● **PROVIDED MATERIAL**
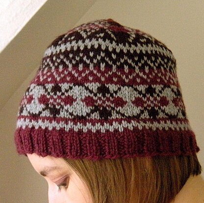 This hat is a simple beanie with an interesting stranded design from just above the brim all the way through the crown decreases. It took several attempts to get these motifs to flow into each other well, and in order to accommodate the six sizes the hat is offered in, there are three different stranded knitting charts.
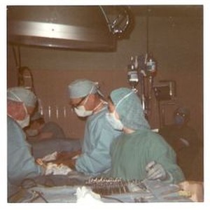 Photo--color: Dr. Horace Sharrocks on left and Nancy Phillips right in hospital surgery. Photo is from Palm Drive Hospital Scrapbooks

--

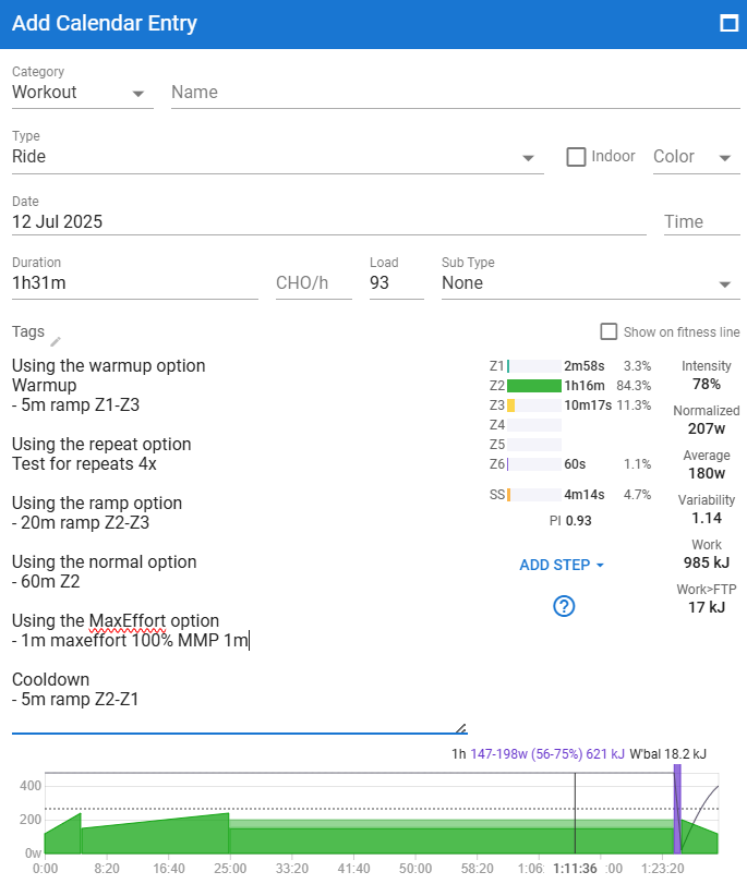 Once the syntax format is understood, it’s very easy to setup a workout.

* * *

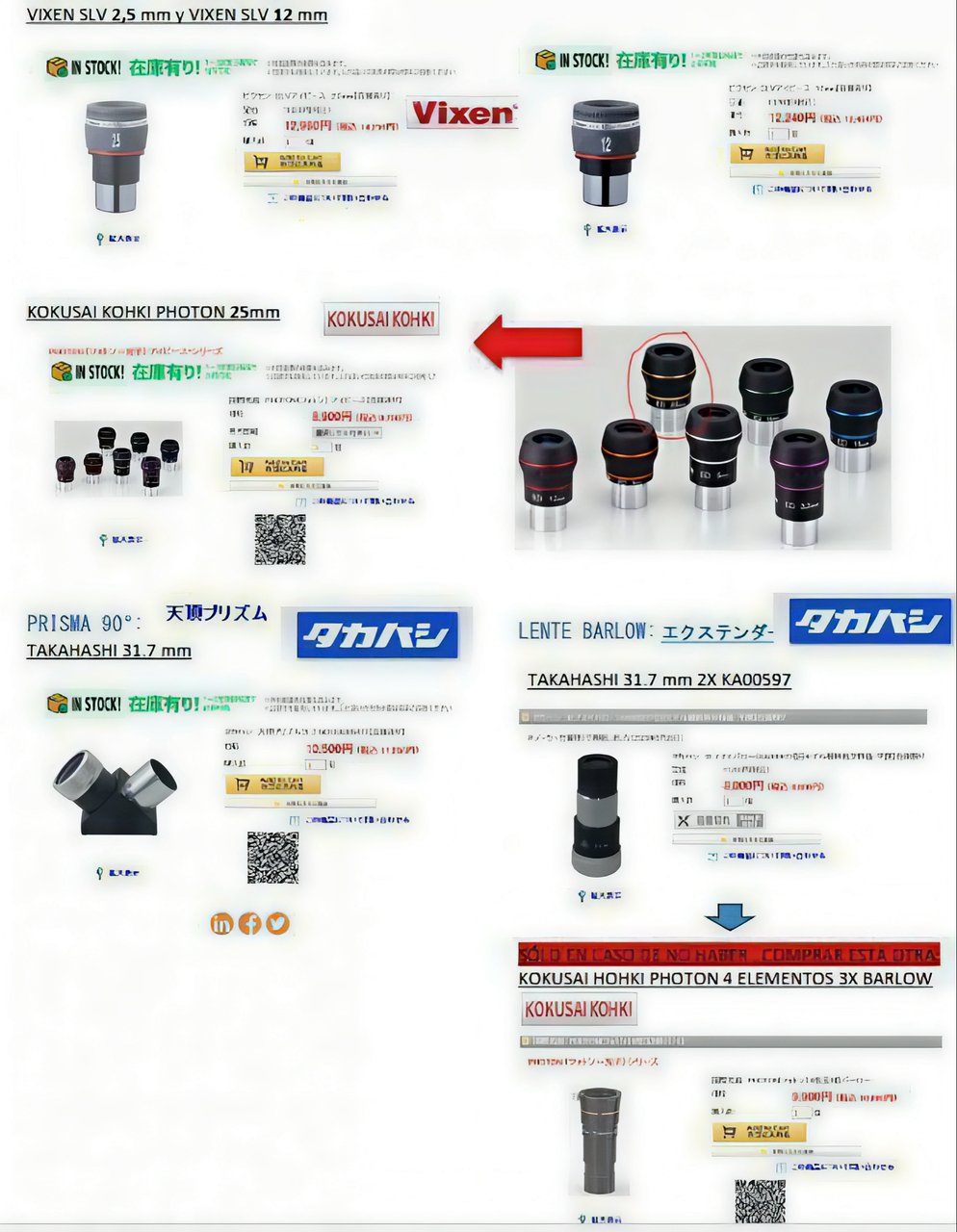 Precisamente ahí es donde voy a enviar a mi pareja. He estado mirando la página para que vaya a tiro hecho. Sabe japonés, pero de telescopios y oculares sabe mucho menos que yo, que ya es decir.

● **TASK STATEMENT**
Set down exactly the lines above, from the line containing "This hat is" through the line containing "Photo--color: Dr. Horace". Skip the pictures.

● **YOUR SOLUTION**
 This hat is a simple beanie with an interesting stranded design from just above the brim all the way through the crown decreases. It took several attempts to get these motifs to flow into each other well, and in order to accommodate the six sizes the hat is offered in, there are three different stranded knitting charts.
 Photo--color: Dr. Horace Sharrocks on left and Nancy Phillips right in hospital surgery. Photo is from Palm Drive Hospital Scrapbooks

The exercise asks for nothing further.